Saturday, February 7, 2009

Two Canvases - A Brief Tutorial

DFM SCs,

In response to recent discussions on the darkness of some of the sketches:

Do not fool yourself into thinking the jpg is any less transformable than the paper. The computer does not know what looks good - your eye knows. You are still an artist in the time between when you put down the pencil and when you click "Post It!"

Pixels and LCDs and photons and phosphors are not paper, and only the Pattern Recognition Supercomputer in your head can be trusted to make the digital canvas look like the parchment canvas. The magic wand called "Curves" is the most direct route to this end, so that is what I will be showing you.

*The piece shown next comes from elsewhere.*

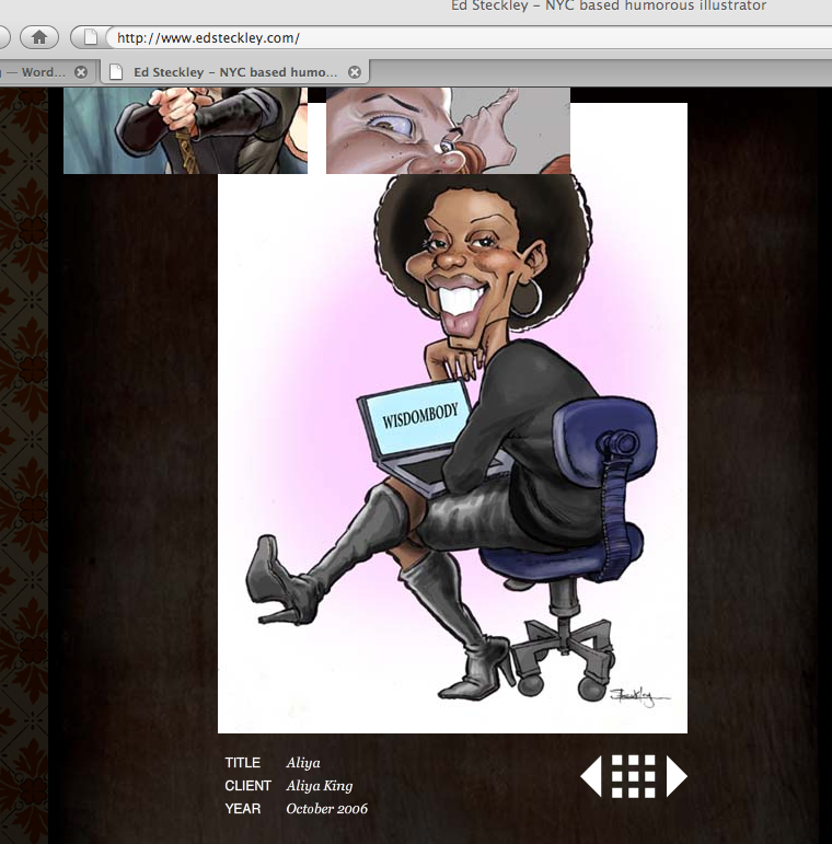 For a few years, I used a caricature I had commissioned from artist Ed Steckley. I can’t find the image. But luckily, Ed’s got it up on his website:

Dad is the only one I know of that has Photoshop, but he also has the GIMP. Plus, the GIMP's just better. (In my Pattern Recognition Supercomputer, anyway.) So that's what we'll be using.
www.gimp.org


Open your scan in the GIMP, go right to Curves, don't touch anything else yet.
Colors->Curves

The idea here is that the lower left corner is black, and the upper right corner is white, and the diagonal line is all the grays in between. What you can do with Curves is make the blacks blacker, and the lights lighter. You can do other things too, but this is the only type of curve I know and trust. Plus, it's all we really want to do.

Click on the line down near the lower left, and drag it down. Click on the line again up near the upper right and drag it up. Try to keep the line from touching the edges. Adjust until the image looks like your inner artist wants it to look. Here you can see I needed just a touch of black, but a good deal of white.


I also threw in a Color->Desaturate (Luminosity), which removes all color and makes everything a shade of gray. It may make the image too cold, but I'll leave it for now.

All of this is done to account for the strange little things your scanner or cheap digital camera does to your sketch as it is translating light into pixels.

You are Done! Post!





-mf

1 comment:

  1. Super Tutorial! Thanks. I've been using the "Brightness" and "Contrast" buttons. I'll be moving over to Curves.